To you other point: I never critiqued one specific hole at K-Barns.  To take the opposite tact there are several I liked including 1,2,6,13,15 for example.  But there are magazines that are comparing #15 with #16 at Cypress Point for god's sake.  That just isnt a worthy comparison. Other people compare K-Barns to Pebble Beach or TOC, I don't see it.  My basis for saying the course is not top 100 in the world comes from my experience of playing over 50 of those top 100 and I've done almost half the Golf World Top 100 in the list.  Given my experience playing these courses, I just didnt think Kingsbarns belonged there given it didnt inspire me, the holes were not memorable and I didnt like the look-containment mounding etc.  It is just my opinion.  When I stand on the 4th tee at Rye, hell yes I am inspired.  When I tee off at #16 at Deal I can't wait to play the hole.  Ditto a hole like #1 or #16 at St. Enodoc.

You and I can look at modern art and disagree, I might say I don't fancy the brushstrokes and you see that as ludicrous but that is my view.

Perhaps then if you think K-Barns is top 100 in the world you can tell me why a course like Deal or Rye is behind it?  I'd like to see the logic in that.

If I am wrong on K-Barns why is it already falling in the Golf magazine ratings?

I am open minded, I'll let the course mature and see if I am wrong and I am man enough to admit that but I am not rushing back there to see. But perhaps as Ben Crenshaw once adroitly pointed out, a golf course needs age and lets see how KBarns matures.. Fair enough?
« Last Edit: September 25, 2003, 02:29:24 PM by NAF »

THuckaby2

Re:Kingsbarn 'sea aspect'
« Reply #24 on: September 25, 2003, 02:33:51 PM »
NAF:

Excellent retort, just do realize that if you're basing this on a comparison of experience in terms of courses played, well... you'll lose against Mr.
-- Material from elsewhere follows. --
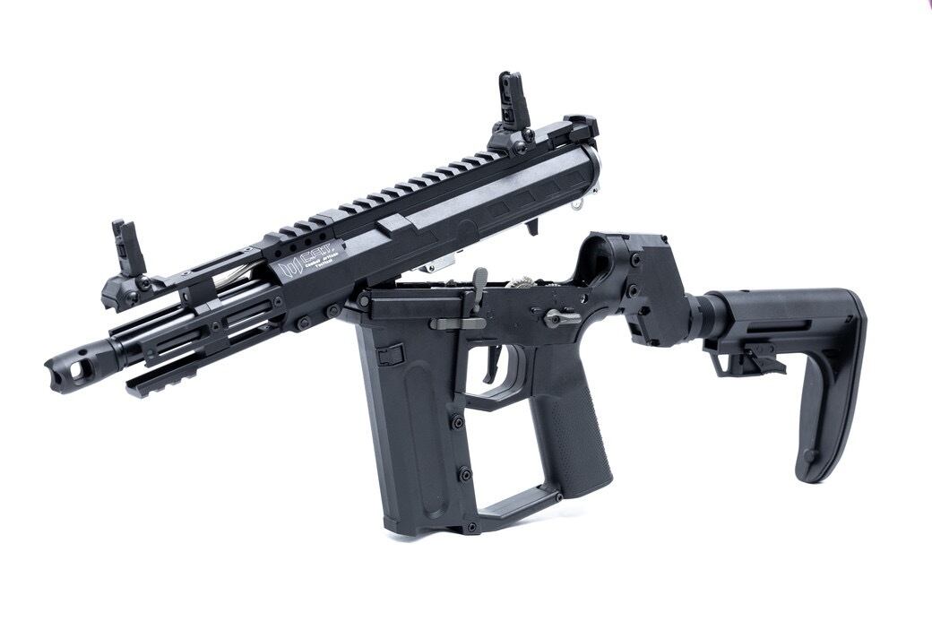 C.A.T.では一般的な電動AR15レシーバーの寸法でリアルなテイクダウン機構を再現するために、ピストンストロークのショート化を行いアッパーメカボックス後端を短縮しました。

Huntley.  Yes, EVEN YOU.  Big time.  He'll likely be too modest to say that, so I'm saying it for him.

 ;D

A comparison of 15 Kingsbarns to 16 Cypress is silly, yes.  But still, it is a damn fine hole.  And as I say above, 12 is among the world's great par fives.  Do you mean to leave that out of your list of holes you like?

Inspiration is a tough thing to base greatness on also, as it is SO subjective.  For example, I found myself plenty inspired at Kingsbarns, in many places.  To each his own if you did not...

As for placement in Top 100 lists, well.. so much goes into that, as you know, that it's not the best judge of greatness either.  All it does show is certain groups of people did like the course more than you did.

So heck, in the end, lots of people like the course, you don't as much.  No hassles.

Just don't go saying it's any foregone conclusion it's better or worse than any other course - that NEVER can be said with absolute certainty!